A questão, portanto, é estabelecer que grau de confiabilidade, de objetividade – uma vez que concordamos que a imparcialidade é simplesmente inexeqüível, tanto em jornalismo quanto em história – é possível conceder a determinado veículo da mídia impressa. Para tanto, é necessário identificar no conjunto da obra e dos vestígios materiais produzidos por uma determinada época, por certo grupo social ou por um indivíduo identificado, aquela fonte que dará sentido à pergunta que desencadeou e justificou a pesquisa. Se for possível identificar claramente qual a posição política do veículo responsável pelo material impresso pesquisado, não resultará impraticável contextualizar historicamente o seu conteúdo.

Além disso, cabe ressaltar que foi – e continua sendo, veículo de elite como de fato é – principalmente através das páginas dos diários impressos que a

inteligência de uma nação tem preferido conduzir seus debates, expressar seus

pontos de vistas e anunciar suas tomadas de posição. O jornal pode, portanto, ser relacionado junto a outras fontes escritas, como os documentos, a legislação e os atos dos poderes constituídos, os trabalhos acadêmicos e científicos, as correspondências e as obras literárias, entre outras. Mas não apenas, pois também em suas folhas lograremos encontrar fotografias, ilustrações, gráficos e informações estatísticas e pictóricas as mais diversas.

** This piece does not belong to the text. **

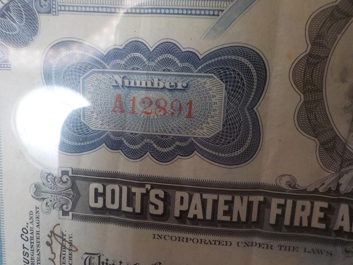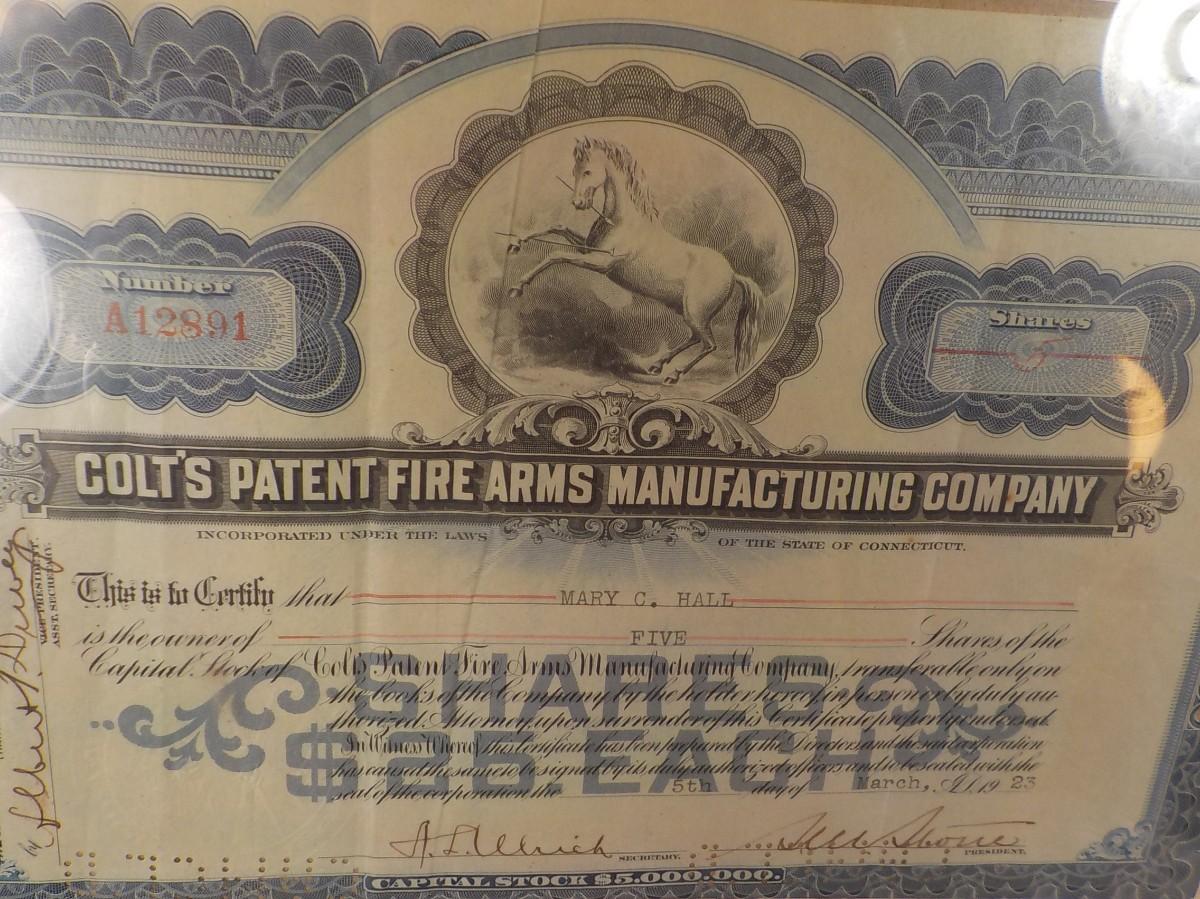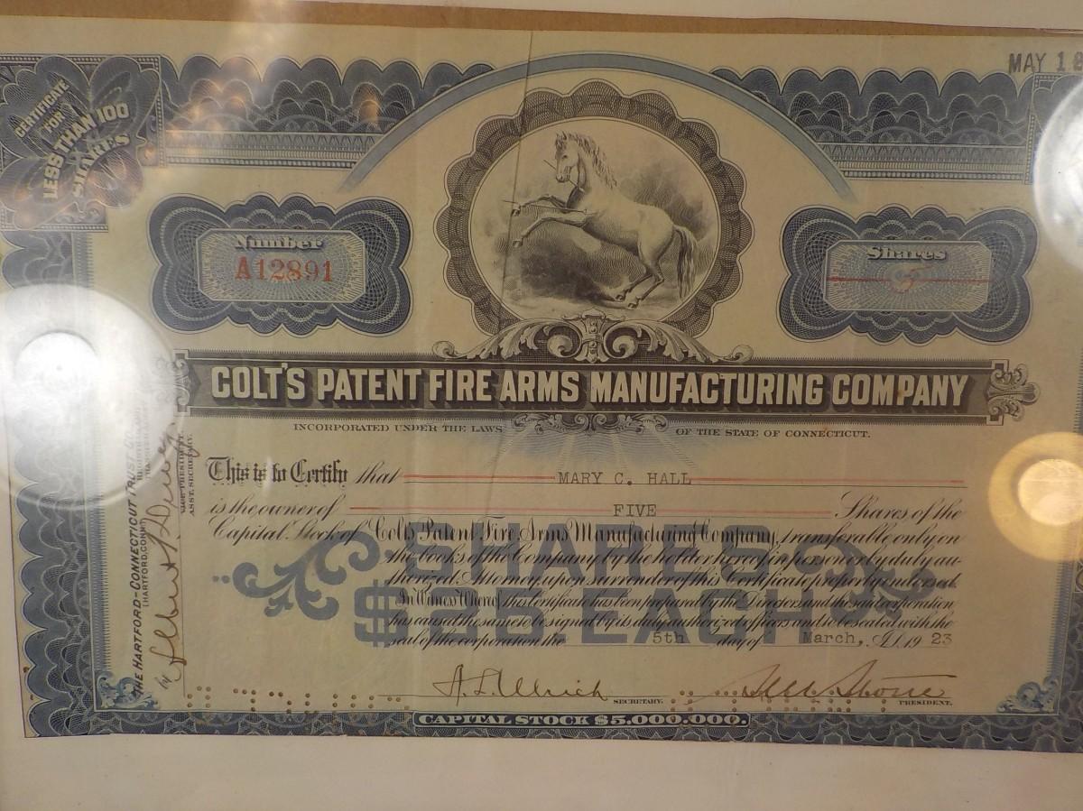 Real share certificate from the colt gun mfg. Rare collector piece.

Fica claro, afinal, que tão importante quanto o registro histórico grafado nas páginas de um jornal do passado é o tipo de abordagem que o pesquisador elege para manipular (melhor dito, trabalhar, considerar, avaliar e compreender) as informações ali contidas. O confronto destas informações com as obtidas em outros tipos e formatos de fontes ajuda na tarefa difícil, mas inarredável, de contrabalançar

a subjetividade do pesquisador. A tradução mais aproximada da história real, do fato real, será aquela que exponha suas contradições, desvelando-lhe os mecanismos e processos intrínsecos.